At night to Nellson’s, and up and down about business, and so home to my office, then home to supper and to bed.
a red rave is good
seeming to be an art
to ice all pain
but ink comes only
from the night
Erasure poem derived from The Diary of Samuel Pepys, Wednesday 2 November 1664.
Sand bar
Up and to the office, where busy all the morning, at noon (my wife being invited to my Lady Sandwich’s) all alone dined at home upon a good goose with Mr. Wayth, discussing of business. Thence I to the Committee of the Fishery, and there we sat with several good discourses and some bad and simple ones, and with great disorder, and yet by the men of businesse of the towne. But my report in the business of the collections is mightily commended and will get me some reputation, and indeed is the only thing looks like a thing well done since we sat.
Then with Mr. Parham to the tavern, but I drank no wine, only he did give me another barrel of oysters, and he brought one Major Greene, an able fishmonger, and good discourse to my information. So home and late at business at my office. Then to supper and to bed.
sand is good and simple
the only thing like a thing
since the wine bar oysters
brought me to bed
Erasure poem derived from The Diary of Samuel Pepys, Tuesday 1 November 1664.
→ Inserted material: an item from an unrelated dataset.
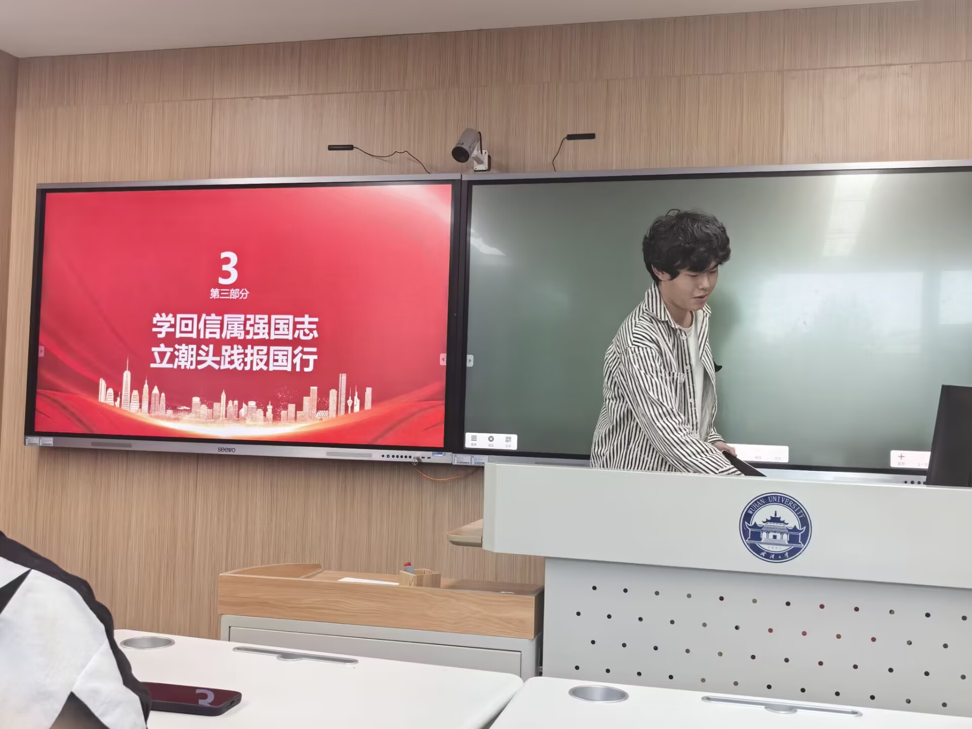 最后,杨江涛对本次活动进行总结,向全体参会团员发起号召,号召团员青年们关注社会热点,以自身专业所长服务奉献于祖国的发展和社会的进步,做不辜负民族使命的新时代青年。

Postcard from another life
We were both on the same train, the countryside steadily unrolling green through a humid morning. There are some kinds of uncertainty that don’t ask for resolution. Like not being able to remember who fell asleep first. Or if we bought from hawkers a bag of roasted corn, or a packet of boiled quail eggs. In those days there were no toilets, not even a separate baggage coach. Someone played music from a portable radio. We were on our way to the beach, or returning from there. Everyone was on some kind of holiday though it was the middle of the week. The aisles were speckled with little bits of sand— gritty sugar sifting into our sandals. The sea was a postcard announcing itself before we arrived: its mineral smell, and then at last thin white lines of moving text glimpsed through trees.
In response to Via Negativa: Sandbar.
All Souls’ Day
Under every surface, the tooth of a buried
word: forgotten names for moss and salt,
schist, blunt artifacts of skin and bone
shed by reptiles in the trees’ blue shadow.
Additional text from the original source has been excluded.